Collaborative agreement reached between the National Gallery of Art and Artstor

New York, August 6, 2004. The National Gallery of Art (Washington, D.C.) and Artstor announced today that they had reached an agreement to collaborate on the distribution through Artstor of approximately 4,000 high quality digital images of French medieval architecture and approximately 3,000 images of American architecture from the Clarence Ward Archive.

The National Gallery of Art Library’s Department of Image Collections boasts unusually rich photographic archives. One of the most important and most heavily used collections is the Clarence Ward Archive, devoted mostly to French medieval (especially Gothic) and American architecture from Colonial times to the early 20th century. This archive is the product of focused photographic campaigns undertaken by Ward (1884-1973) who was a distinguished professor of art history at Oberlin College for many years. In conducting a series of photographic campaigns in the 1920s and 1930s, he enlisted Arthur Princehorn (1904-2001), staff photographer at Oberlin. The negatives produced by Ward and Princehorn are invaluable, both to medievalists and students of American architecture.

This project will digitize the ca. 7,000 Clarence Ward large format nitrate negatives, richly documenting Romanesque and Gothic architecture in France and selectively documenting American architecture from Colonial times through the early 20th century. These two landmark archives will greatly enrich Artstor’s value to a wide audience in the history of art and architecture and related fields.

“The Clarence Ward archive of photographs of medieval buildings is an immensely important source for high quality images of Romanesque and Gothic architecture,” attests Caroline Bruzelius, A.M. Cogan Professor of Art History at Duke University. “To many students and scholars, these photographs will already be familiar from Jean Bony's book on Gothic Architecture in France as well as other scholarly publications. Clarence Ward looked at, and photographed, buildings with the eye of an architectural historian, so that his pictures are especially valuable for the history of construction technique and architectural design. Moreover, a good proportion of the photographs were taken before the destruction wrought by World War II.”

In reaching this agreement, Neal Turtell, Executive Librarian, National Gallery of Art, expressed his enthusiasm in collaborating to use digital technologies to make these important scholarly resources more broadly available for noncommercial pedagogical and scholarly purposes. “The National Gallery of Art is excited to make the beautiful images from the Ward Archive more accessible to the academic community.
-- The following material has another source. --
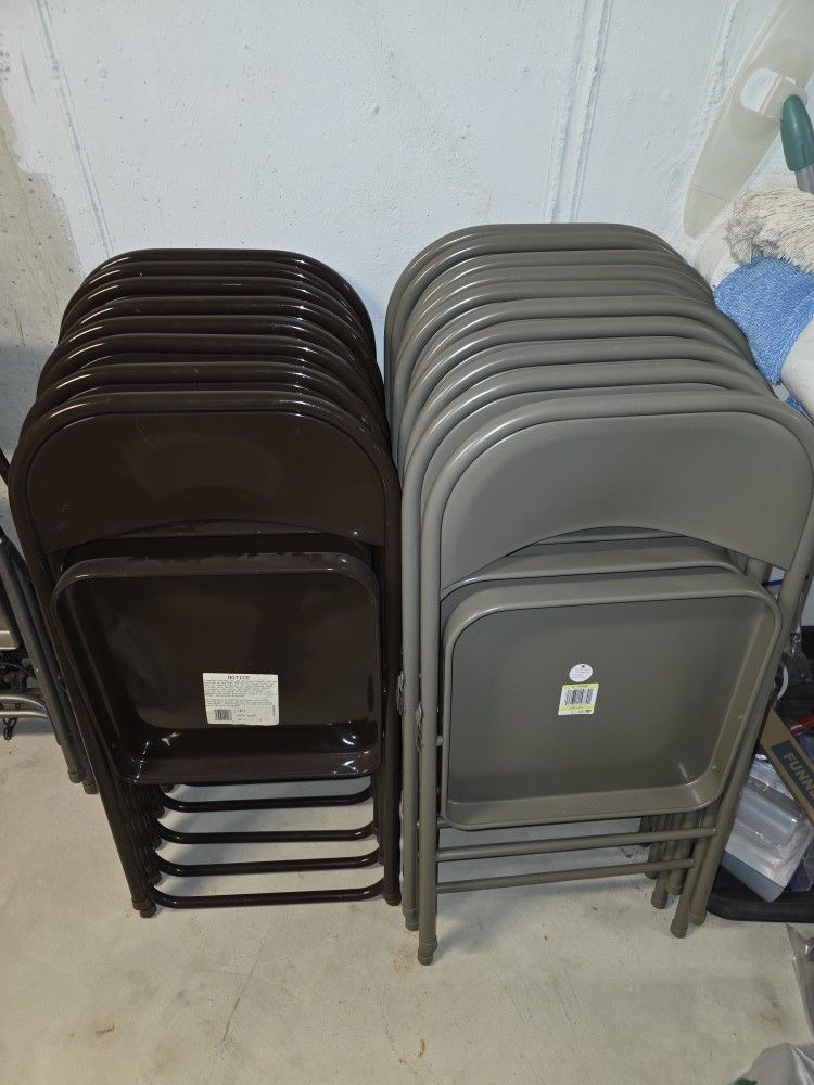 Like new 24 metal folding chairs. 16 are light brown and 8 are brown.

It is a natural outgrowth of Paul Mellon’s commitment to excellence in art historical research,” commented Turtell. James Shulman, Executive Director of Artstor, adds, “The Clarence Ward archive not only documents splendid works, but captures them in a splendid way. Working together with the National Gallery to make such a fragile and stunning collection available to scholars and teachers in a range of fields reminds us of the value of the resources that lay hidden in the world’s great photo archives. Artstor is delighted to be able to play a part in making it available for scholarly and educational purposes.”

The Department of Image Collections of the Library at the The National Gallery of Art is a study and research collection of images documenting European and American art and architecture. Established in 1943, the collection now contains almost 10 million black-and-white photographs, negatives, slides, and microform images of all aspects of Western art.

Artstor was created in 2001 as a nonprofit initiative of The Andrew W. Mellon Foundation, and is now an independent non-profit organization dedicated to serving education and scholarship in the arts and the humanities through the utilization of digital technologies.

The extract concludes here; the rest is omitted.